Other Literary Forms
Although remembered primarily for his poetry, particularly as assembled in the monumental editions of Il canzoniere, Umberto Saba also wrote several significant prose works, most of which were collected by Saba’s daughter Linuccia in Prose (1964). Scorciatoie e raccontini (1946; short cuts and vignettes) consists mainly of terse reflections on poetry and meditations on politics and postwar society. The collection Ricordi—racconti, 1910-1947 (1956; remembrances—stories) contains stories and sketches, some directly autobiographical. Saba’s prose style is usually rich and complex, though not particularly experimental. Like his poems, the prose works are reflective and benefit from a careful rereading. The pieces in Scorciatoie e raccontini are “shortcuts” because they cut through the twisting paths of conventional, logical thought to arrive at a conclusion which is often startling in its revelation and insight. In Storia e cronistoria del canzoniere (1948; history and chronicle of the canzoniere), Saba turns his critical eye to his own works, explaining the biographical background of the poems in Il canzoniere and giving interpretations. This self-criticism not only recalls the commentary of Dante Alighieri on his own poems in the La vita nuova (c. 1292; The New Life) but also exemplifies the influence of Sigmund Freud and psychoanalysis on Saba’s thought and technique. The incomplete novel Ernesto, published posthumously in 1975, is on the surface Saba’s least typical work; set in Trieste and vividly capturing the dialect of that Mediterranean city, Ernesto depicts the love of a young boy for an older man. Still, while more realistic and explicit than Saba’s other works, Ernesto develops the same themesart, love, change, and loss—with an equal complexity and subtlety.
Often considered one of the three great Italian poets of the twentieth century, along with Giuseppe Ungaretti and Eugenio Montale, Umberto Saba is also one of the most important poets to combine traditional verse forms with a modern restraint and to treat universal themes with an analytical and self-conscious approach typical of the twentieth century.
The clarity and reflectiveness of Saba’s earlier poems reveal the influence of the nineteenth century poet Giacomo Leopardi, and the calm, melancholy atmosphere of many of Saba’s poems has its roots in the poetry of the crepuscolari (twilight) poets such as Guido Gozzano and Sergio Corazzini, who described everyday objects and settings with a wistful nostalgia. Saba’s later poems break more definitely with traditional meter and line length, reflecting the terse, ragged rhythms of Ungaretti.
Saba won several prizes and honors, including the Premio Viareggio in 1946 for Scorciatoie e raccontini, the Premio dell’Accademia dei Lincei in 1951, and the honorary degree in letters from the University of Rome in 1953; critics have generally appreciated Saba’s works, particularly since the 1960’s. While Saba’s poetical works have been generally well received and studied in Italy, however, his place in modern world literature has not yet been established, perhaps in large part because of a scarcity of translations.
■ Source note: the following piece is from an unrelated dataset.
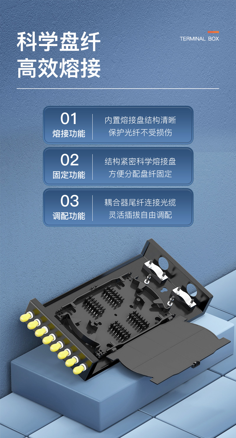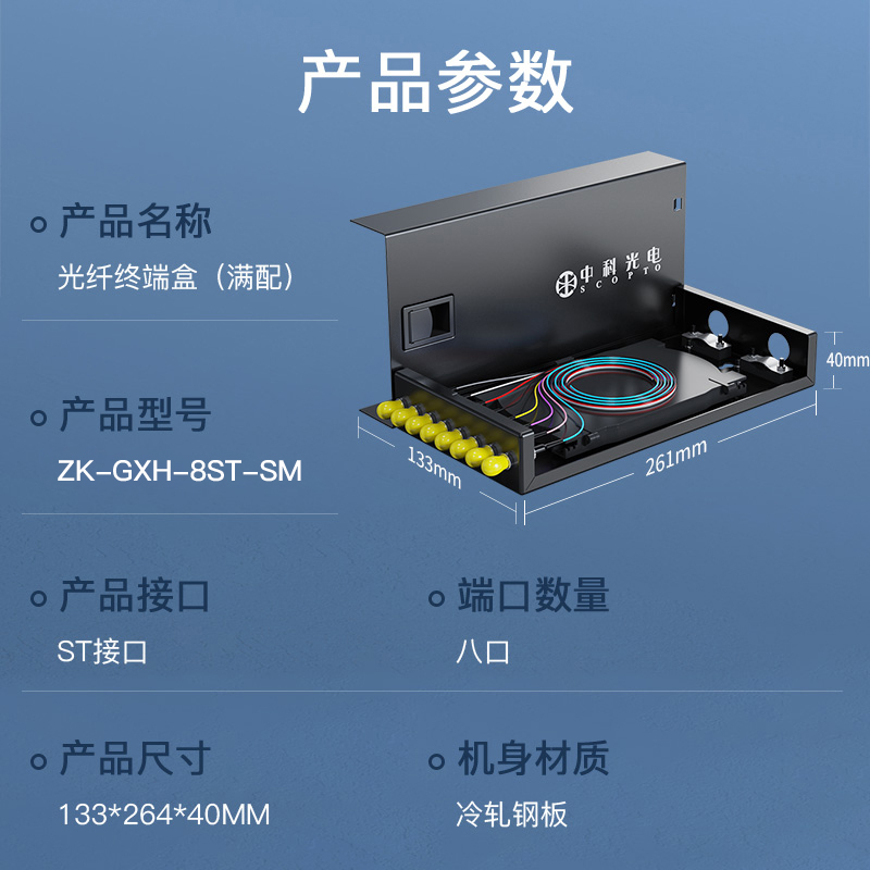 中科光電 光纖終端盒8口 8芯光纖熔接盒 光纜接續(xù)盒 接線熔纖盒ST單模滿配尾纖法蘭 壁掛式 ZK-GXH-8LC-ST

As critics continue to construct an account of Saba’s biography and his rich inner life, his significance should become increasingly apparent.
The life of Umberto Saba is reflected throughout his work, and this relationship is most evident in Saba’s structuring of Il canzoniere around the three periods of his development—youth, maturity, and old age; for Saba, all literature is in a sense autobiographical. Still, the richness and complexity of the poems and prose works give no indication of the relatively simple life of the poet.
Saba was born Umberto Poli on March 9, 1883, in Trieste, then part of the Austro-Hungarian Empire. His father, Ugo Edoardo Poli, was the son of the contessa Teresa Arrivabene; Saba’s mother, Felicita Rachele Coen, was the daughter of Jewish parents...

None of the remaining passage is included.